» **Dataset section**

----------------------------------------

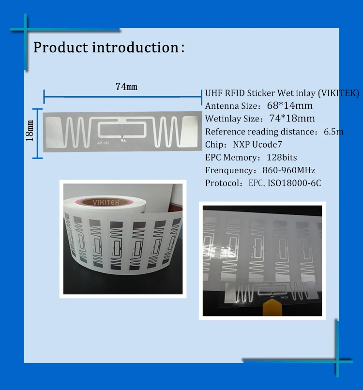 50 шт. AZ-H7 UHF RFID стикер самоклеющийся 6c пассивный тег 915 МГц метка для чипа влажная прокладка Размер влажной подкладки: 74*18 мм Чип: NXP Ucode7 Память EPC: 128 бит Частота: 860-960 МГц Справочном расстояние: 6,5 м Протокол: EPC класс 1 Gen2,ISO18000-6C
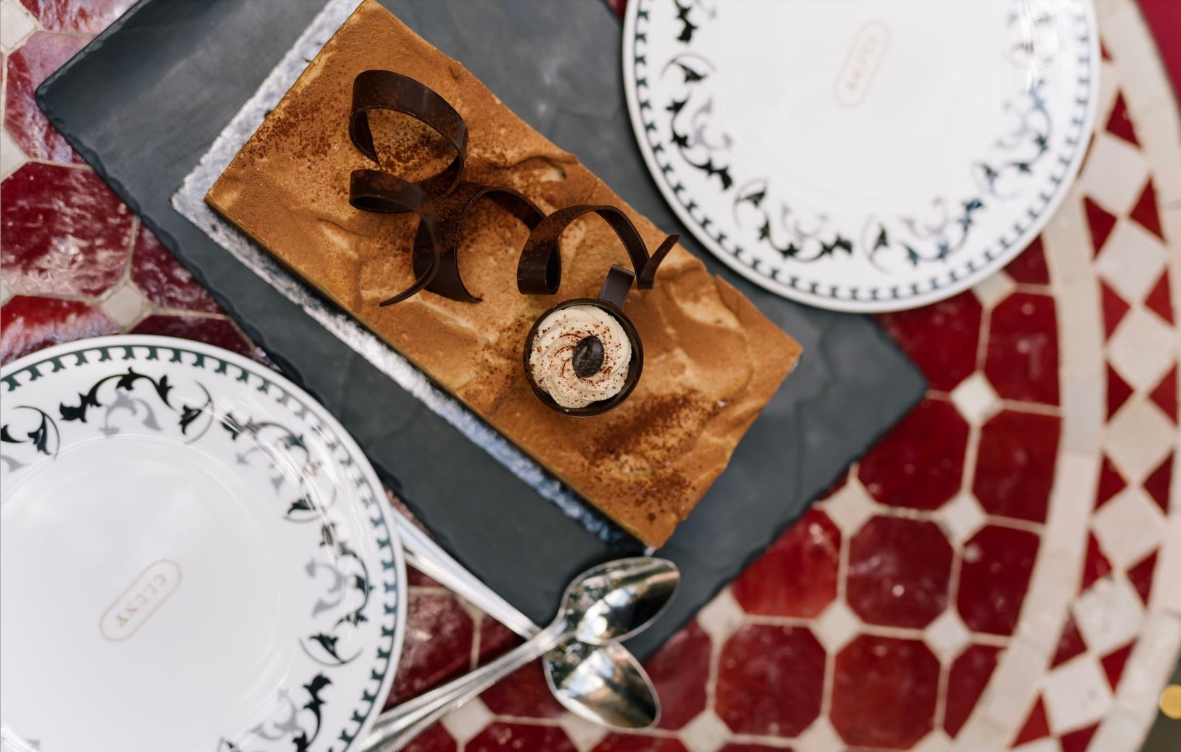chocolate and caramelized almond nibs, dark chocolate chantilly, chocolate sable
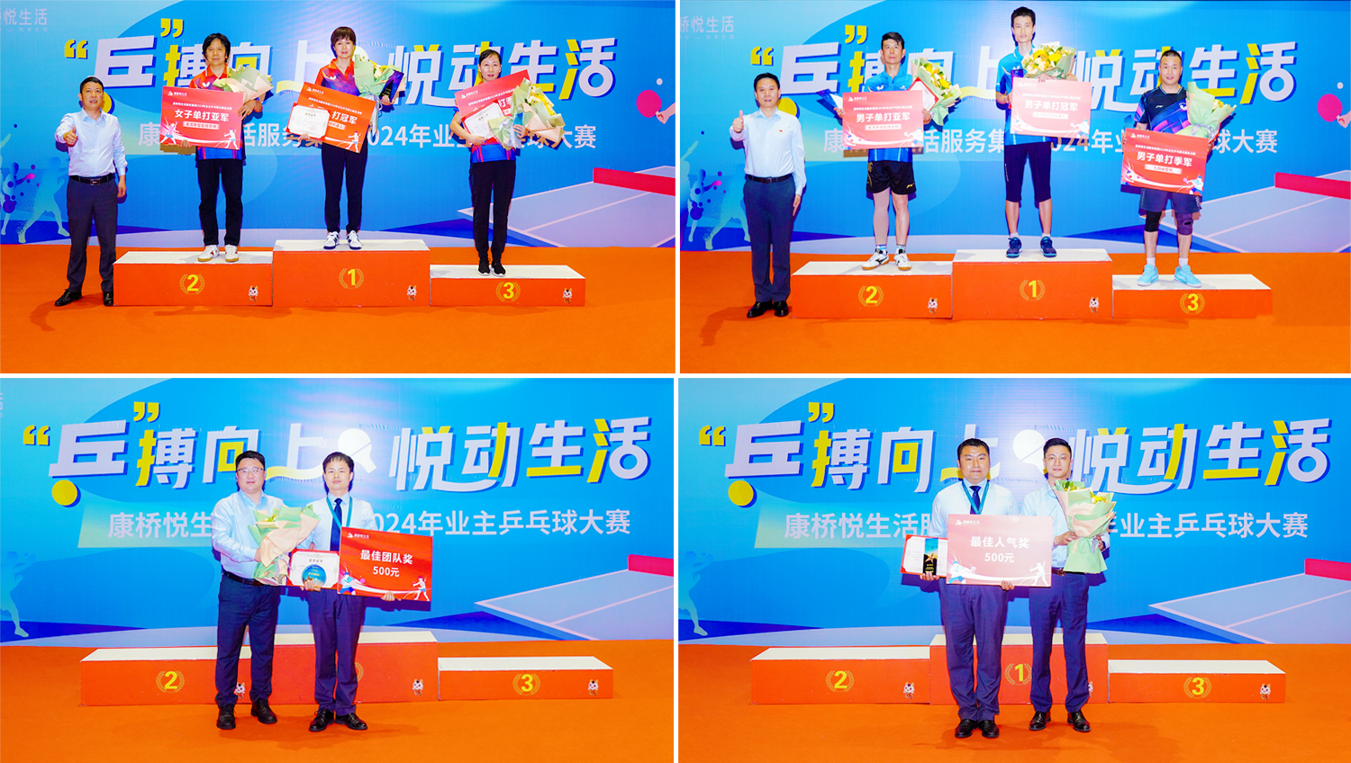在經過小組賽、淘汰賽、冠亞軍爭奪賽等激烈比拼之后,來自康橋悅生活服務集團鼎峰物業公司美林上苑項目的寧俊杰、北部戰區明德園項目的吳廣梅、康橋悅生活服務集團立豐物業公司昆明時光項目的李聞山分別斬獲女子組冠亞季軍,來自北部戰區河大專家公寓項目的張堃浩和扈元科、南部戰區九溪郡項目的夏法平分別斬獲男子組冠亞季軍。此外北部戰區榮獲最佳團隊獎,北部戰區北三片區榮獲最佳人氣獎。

----------------------------------------

Quote the material word for word, dropping any images it holds.

 50 шт. AZ-H7 UHF RFID стикер самоклеющийся 6c пассивный тег 915 МГц метка для чипа влажная прокладка Размер влажной подкладки: 74*18 мм Чип: NXP Ucode7 Память EPC: 128 бит Частота: 860-960 МГц Справочном расстояние: 6,5 м Протокол: EPC класс 1 Gen2,ISO18000-6C
chocolate and caramelized almond nibs, dark chocolate chantilly, chocolate sable
在經過小組賽、淘汰賽、冠亞軍爭奪賽等激烈比拼之后,來自康橋悅生活服務集團鼎峰物業公司美林上苑項目的寧俊杰、北部戰區明德園項目的吳廣梅、康橋悅生活服務集團立豐物業公司昆明時光項目的李聞山分別斬獲女子組冠亞季軍,來自北部戰區河大專家公寓項目的張堃浩和扈元科、南部戰區九溪郡項目的夏法平分別斬獲男子組冠亞季軍。此外北部戰區榮獲最佳團隊獎,北部戰區北三片區榮獲最佳人氣獎。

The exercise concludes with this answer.